Aislinn wasn't smiling anymore. In fact, she looked kind of horrified. Finley leaned one hip against the table and crossed her arms. "What do you mean, you don't have powers anymore?"

I tried very, very hard not to roll my eyes. "I mean exactly what I said. I had powers, then the Council-they're the people who make all the rules for Prodigium," I explained, only to have Finley roll her eyes, and say, "Yeah, we know that."

"Awesome for you," I muttered. "So they did this ritual that didn't...well, it wasn't as intense as the Removal. My magic isn't gone forever." At least, I hoped it wasn't. But I didn't say that to the Brannicks.

Aislinn and Finley glanced at each other. "But for all intents and purposes," Aislinn said, "you're human."

"Except for when Elodie's ghost possesses me, yup."

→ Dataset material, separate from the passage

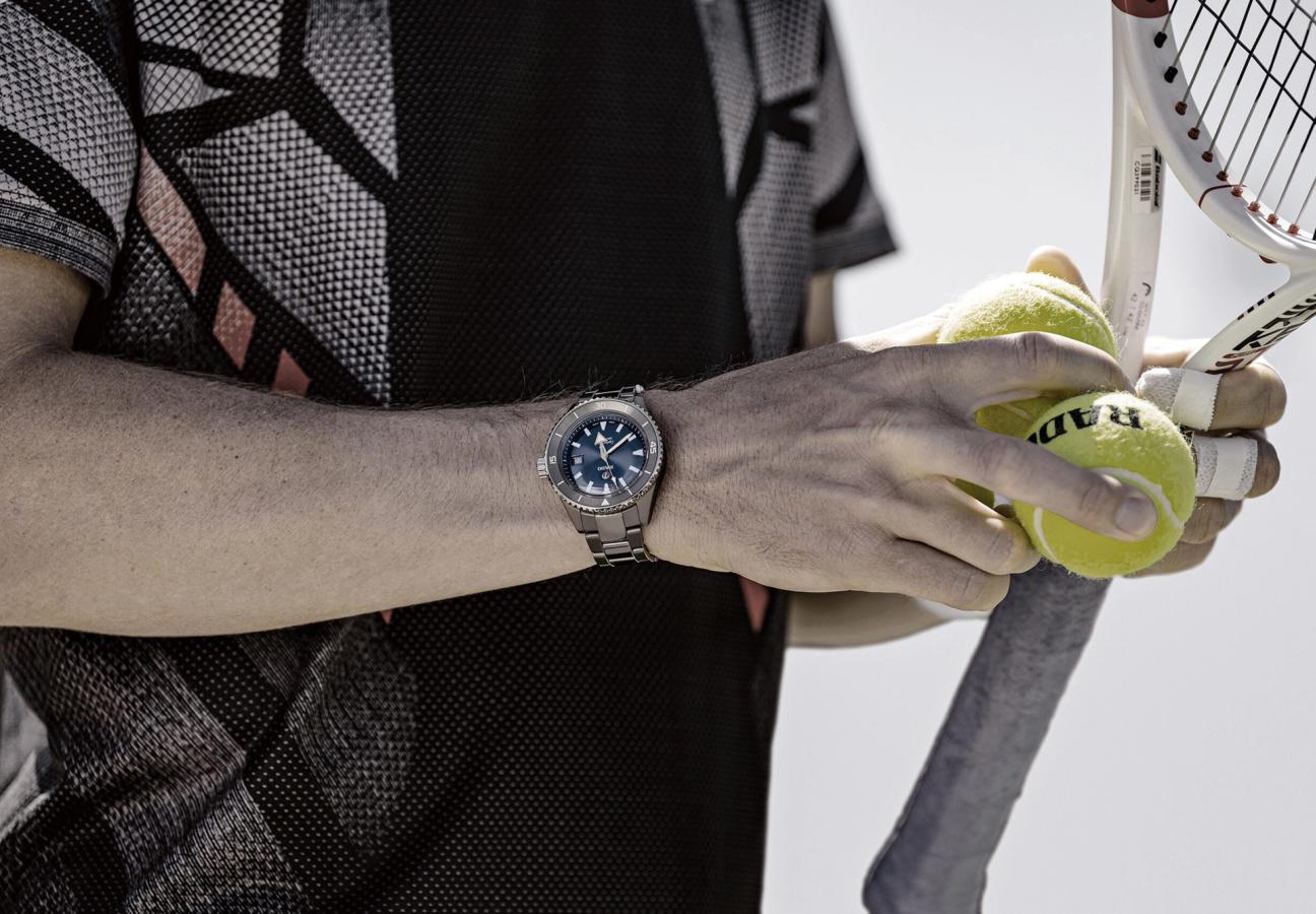 The sun-ray blue dial is lacquered, but endlessly legible — thanks to lashings of Super-LumiNova on the indexes and flanges. The polished bracelet is fitted with a titanium 3-fold clasp for added security and the 300-metre water resistance affords Norrie the opportunity to go from court to plunge pool without a second’s thought.

I thought that would make them happy; after all, didn't they hate Prodigium? But Aislinn gripped the edge of the table with both hands and dropped her head with a long sigh. Finley laid a hand on her shoulder, and murmured, "It's okay, Mom. We'll figure it out." My own mom rubbed my back, and said quietly, "Oh, honey. I'm so sorry."

I felt that urge to fall on the floor and start sobbing rise up, so I shrugged and said, "Hey, I went to London to get my powers taken away. It just didn't turn out the way I thought. But no tattoos, so score."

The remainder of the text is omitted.